爱奇小说 > 穿越小说 > 东汉末年:坐断东南 > 第86章 夜叉归心
    没有兵刃,只有拳脚。

    但在这压抑的夜晚,这赤手空拳的搏击,却成了宣泄心中块垒的最好方式。

    呼喝声、拳脚碰撞声、粗重的喘息声取代了沉闷的饮酒声,汗水飞溅,在灯火下闪着光。

    每个人都憋着一股劲,将连日来的憋闷、不甘、对朝廷的失望、对未来的迷茫,统统化作了拳脚间的力量。

    李肃看着场中激斗的兄弟们,看着他们脸上那熟悉的、带着血性与不屈的神情,胸中的郁气也仿佛被点燃。

    他猛地灌下最后一大碗酒,将碗摔得粉碎,长身而起,一把扯开自己的外袍!

    “都闪开!”李肃低吼一声,声如闷雷。

    他大步踏入场中,目光如电,扫过众人,“尔等心中苦闷,皆因追随我李肃!是我李肃无能,不能为众兄弟搏一个富贵前程!今日,李某便在此,领教诸位兄弟高招!也让我这做哥哥的,给兄弟们赔个不是!”

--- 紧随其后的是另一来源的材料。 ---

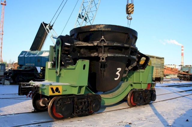 Как сообщает пресс-служба компании, машина будет перевозить горячий шлак в жидком виде от металлургических агрегатов в отвал. Объем чаши шлаковоза составляет 11 кубических метров. Всего в цехе 14 единиц, которые обслуживают 4 конвертера и 3 шахтных печи.

    话音未落,李肃身形如电,已冲向离他最近的典韦!

    李肃早年投军,在北疆与胡人血战无数,弓马娴熟,拳脚功夫更是悍勇精炼,虽无典韦那般天生神力,但招式狠辣,经验老到!

    “将军!”典韦一惊,随即眼中爆发出兴奋的光芒。

    “好!来得好!”他毫不退让,钵大的拳头带着恶风,迎了上去!

    砰!砰!砰!

    拳拳到肉!闷响如鼓!

    李肃与典韦瞬间斗在一处!

    李肃身形灵活,闪转腾挪,专攻典韦关节要害;典韦则仗着力大,势大力沉,拳风呼啸。

    两人打得难解难分,看得众人热血沸腾!

    接着,李肃又扑向徐晃,两人以快打快,招招凶险;又与于禁硬撼,比拼根基;再与程普、韩当过招,沉稳对老辣……李肃如同下山猛虎,轮番挑战诸将!

    他并非要取胜,而是在用这种最直接、最血性的方式,与兄弟们同甘共苦,分担那份沉重的憋屈!

    汗水浸透了他的单衣,身上也挨了不少拳脚,青一块紫一块的,嘴角也破了。

    但他眼神中的豪气却越来越盛!

    这一番搏斗,酣畅淋漓!

    直到众人筋疲力尽,气喘吁吁,才渐渐停下。

    汗水混着尘土,糊了满脸满身,但每个人眼中那股沉沉的郁气,却仿佛随着汗水排出了大半。

    李肃抹了把脸上的汗水和泥灰,胸膛剧烈起伏,环视着同样狼狈不堪却眼神清亮了些的兄弟们,抱拳沉声道:“诸位兄弟!今日之憋屈,皆肃之过!连累兄弟们舍弃前程,随我至此穷乡僻壤!肃,愧对大家!”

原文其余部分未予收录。